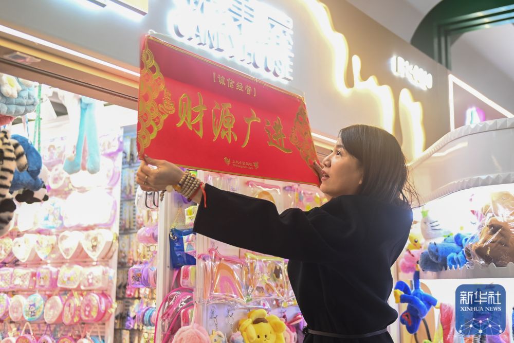 2月9日,义乌国际商贸城的商户在店铺门口张贴领取的新春横幅。
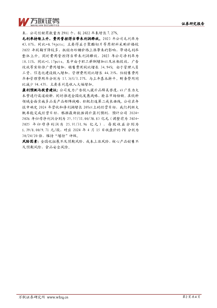 万联证券:东鹏饮料(605499)-2023年业绩点评报告:营业收入突破百亿,第二曲线表现亮眼.pdf
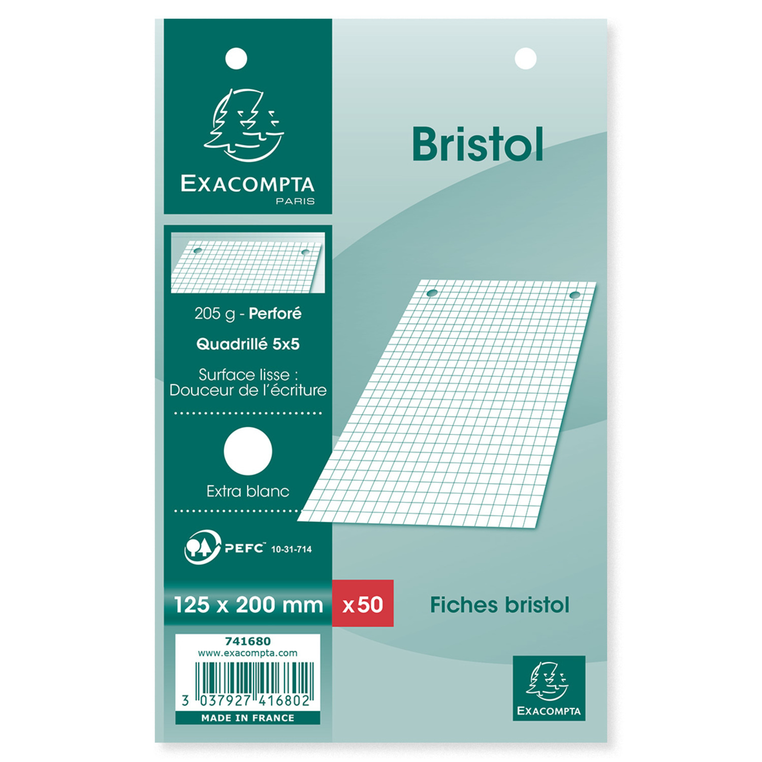| Libellé | 50 Fiches Bristol Blanches Perforées 125X200 5X5 P.E.F.C. 205G Sous Film Avec Encart Exacompta |
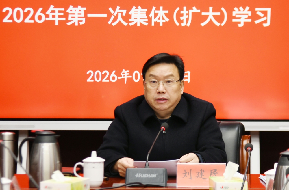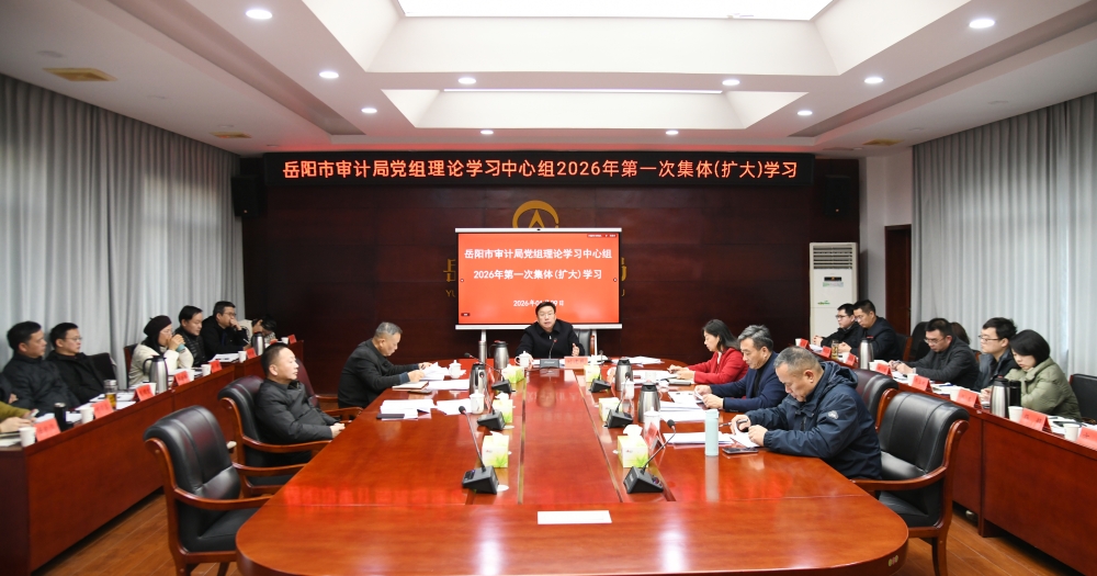 1月9日上午,岳阳市审计局召开党组理论学习中心组2026年第一次集体(扩大)学习会议,传达学习习近平主席二〇二六年新年贺词,中央经济工作会议、省委十二届十次全会暨省委经济工作会议、市委八届十次全会暨市委经济工作会议、省审计厅党组理论学习中心组(扩大)2025年第12次集中学习及市人大、政协“两会”精神,研究审计工作贯彻落实举措。局党组书记、局长刘建民主持会议并讲话,会上行了交流发言,局领导班子成员、各级调研员及各科室(中心)负责人参加学习。
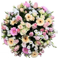 Délicat coussin conique de fleurs de saison pastel avec abondan feuillage - D 40 x H 50 cm env. - Ruban inclus avec 50 caractères max -

● ● ● ●

--- WORK REQUIRED ---
Because the pictures are not wanted, retype only the text of every record, exactly as given.

--- TASK RESPONSE ---
 2月9日,义乌国际商贸城的商户在店铺门口张贴领取的新春横幅。
 万联证券:东鹏饮料(605499)-2023年业绩点评报告:营业收入突破百亿,第二曲线表现亮眼.pdf
| Libellé | 50 Fiches Bristol Blanches Perforées 125X200 5X5 P.E.F.C. 205G Sous Film Avec Encart Exacompta |
 1月9日上午,岳阳市审计局召开党组理论学习中心组2026年第一次集体(扩大)学习会议,传达学习习近平主席二〇二六年新年贺词,中央经济工作会议、省委十二届十次全会暨省委经济工作会议、市委八届十次全会暨市委经济工作会议、省审计厅党组理论学习中心组(扩大)2025年第12次集中学习及市人大、政协“两会”精神,研究审计工作贯彻落实举措。局党组书记、局长刘建民主持会议并讲话,会上行了交流发言,局领导班子成员、各级调研员及各科室(中心)负责人参加学习。
 Délicat coussin conique de fleurs de saison pastel avec abondan feuillage - D 40 x H 50 cm env. - Ruban inclus avec 50 caractères max -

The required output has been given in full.